In other words, current state and municipal workers’ retirement benefits will only be partially guaranteed by the number of years they have already worked; from the time the initiative becomes law, the accrual of those benefits will be drastically curtailed.

One of the rationales provided by the draft ballot to justify its unprecedented reach into the lives of public employees is the ongoing funding shortfalls that California and many of its cities find themselves confronting. But, while pledging to help the state “maintain retirement plans that are sustainable, fiscally sound and able to meet the commitments to its employees,” the draft also claims its reduction of pension benefits is being carried out “[i]n order to protect the government’s ability to provide essential services to the public.”

The draft initiative is being circulated by San Jose Mayor Chuck Reed, who successfully pushed a pension-busting ballot initiative in his city’s 2012 election. That law, like a similar one passed the same year in San Diego, is currently being challenged in court. Reed, according to several sources, has been circulating the draft among other mayors, public officials and others in California who believe that public employee pensions should be scaled back.

Following repeated attempts to reach Reed for comment on the draft ballot, Frying Pan News received what appeared to be confirmation of its authenticity in an email sent by a Reed press aide:

“Throughout this process, there have been numerous discussions about policy options and multiple versions of draft language, so it’s impossible to tell what it is you may have. However, the substance of that statement is consistent with what the Mayor has advocated for more than a year.”

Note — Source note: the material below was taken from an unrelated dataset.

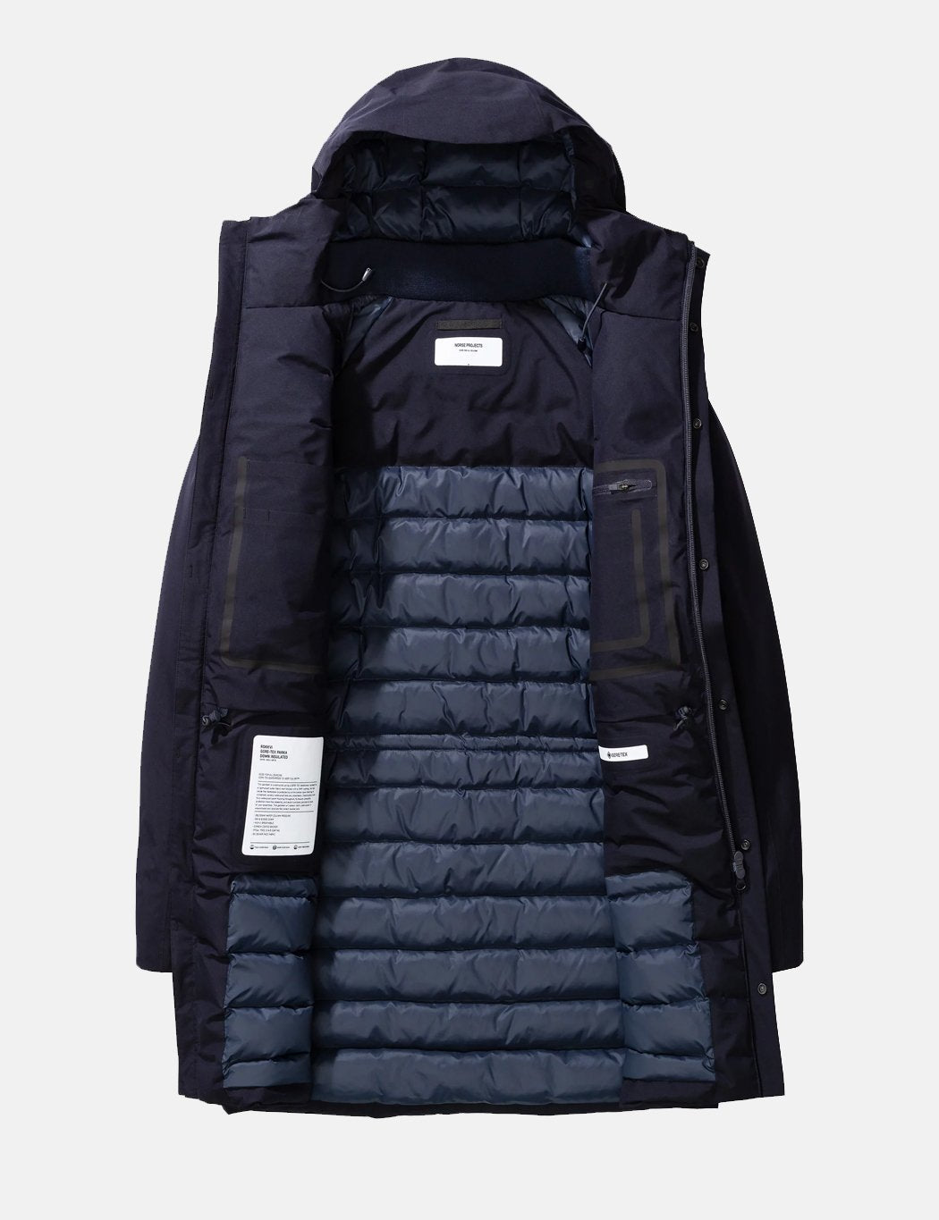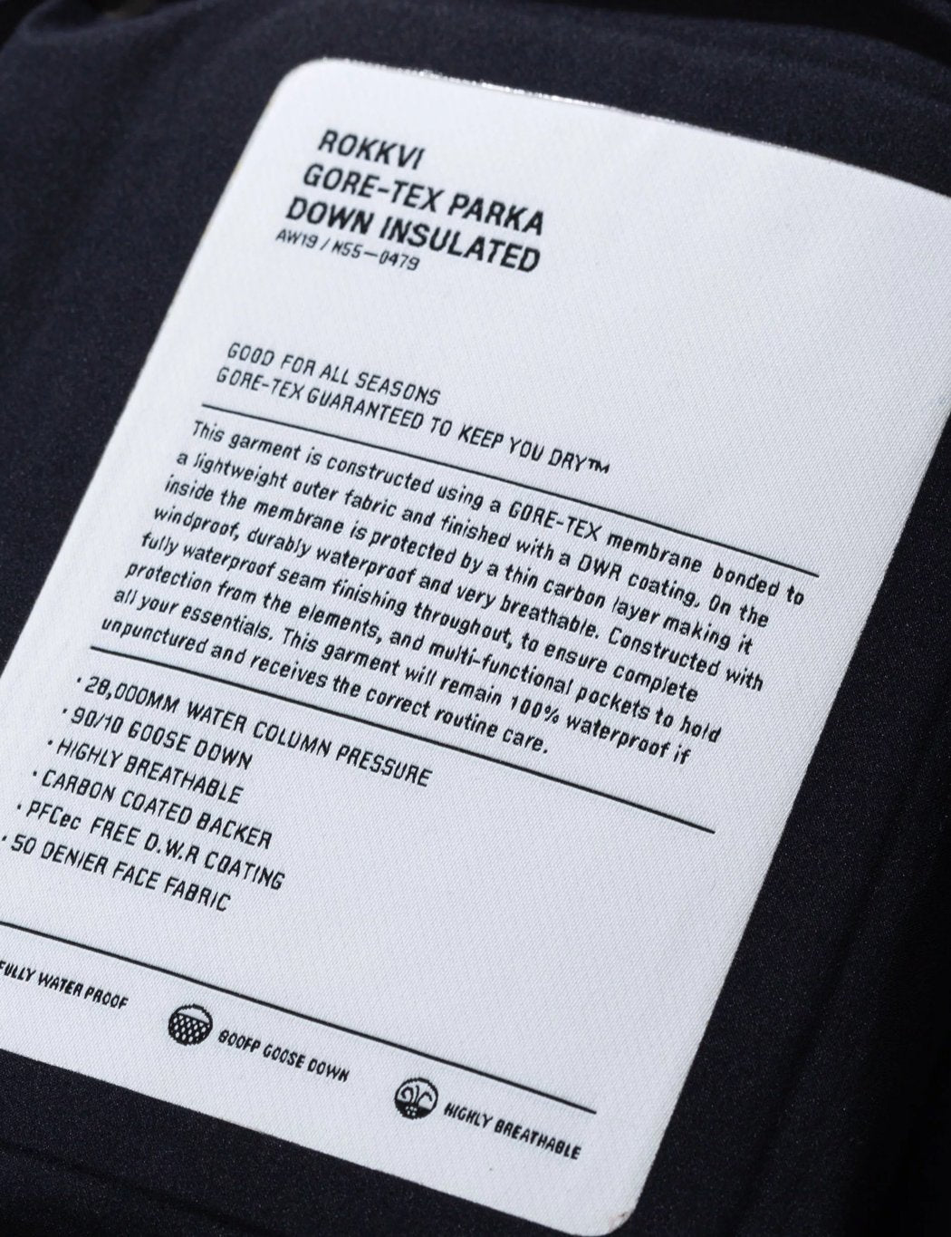 The new Rokkvi 5.0 parka constructed using a GORE-TEX membrane, bonded to a lightweight outer fabric and finished with a DWR coating. The lightweight, waterproof outer is constructed with fully waterproof seam finishing throughout, and a fixed lining insulated with 90/10 EU Standard Certified Goose Down. In order to ensure animal welfare and high quality Norse Projects demands that all its down suppliers comply with a RDS (Responsible Down Standard) certification.

Marcia Fritz, president of the California Foundation for Fiscal Responsibility, goes further and says, “I’ve seen the draft – I don’t know if it’s final yet. I’ve been asked to weigh in on it.”

Dave Low, chairman of Californians for Retirement Security, a coalition that represents more than 1.5 million public employees, says that the draft measure being circulated by Mayor Reed and others would “take promised retirement benefits away from teachers, nurses, firefighters and other public employees.” He adds that courts have consistently decided that it is not permissible to cut promised retirement benefits to public employees. “A promise made should be a promise kept,” Low says.

Chuck Reed, a Democrat, has increasingly been seen as the public, bipartisan face of a nationwide effort to scale back retirement benefits for public employees. But behind the scenes, this effort is quietly spearheaded by a host of largely conservative individuals and organizations.

In May, for example, Reed was only one of dozens of people present at a closed-door pension summit held at a Sacramento hotel, where strategies to limit public retirement benefits were discussed. And earlier this week, Frying Pan News reported that the Pew Center on the States, an arm of the respected Pew Charitable Trusts, had formed an unusual partnership with the Laura and John Arnold Foundation in an effort to curb public employee pensions in several states.

The movement to curtail public employee pension benefits in California is being watched closely around the nation. Both those who favor curbing pensions and those who oppose it agree that any ballot initiative, such as the one laid out in Reed’s blueprint, will involve a lengthy and costly fight.

“The problem with initiatives is that public employee labor unions are very strong in fighting them,” says Jeff Adachi, the elected Public Defender in San Francisco and the man behind an unsuccessful initiative to curb pension benefits in that city. “It’s a tough route to go.”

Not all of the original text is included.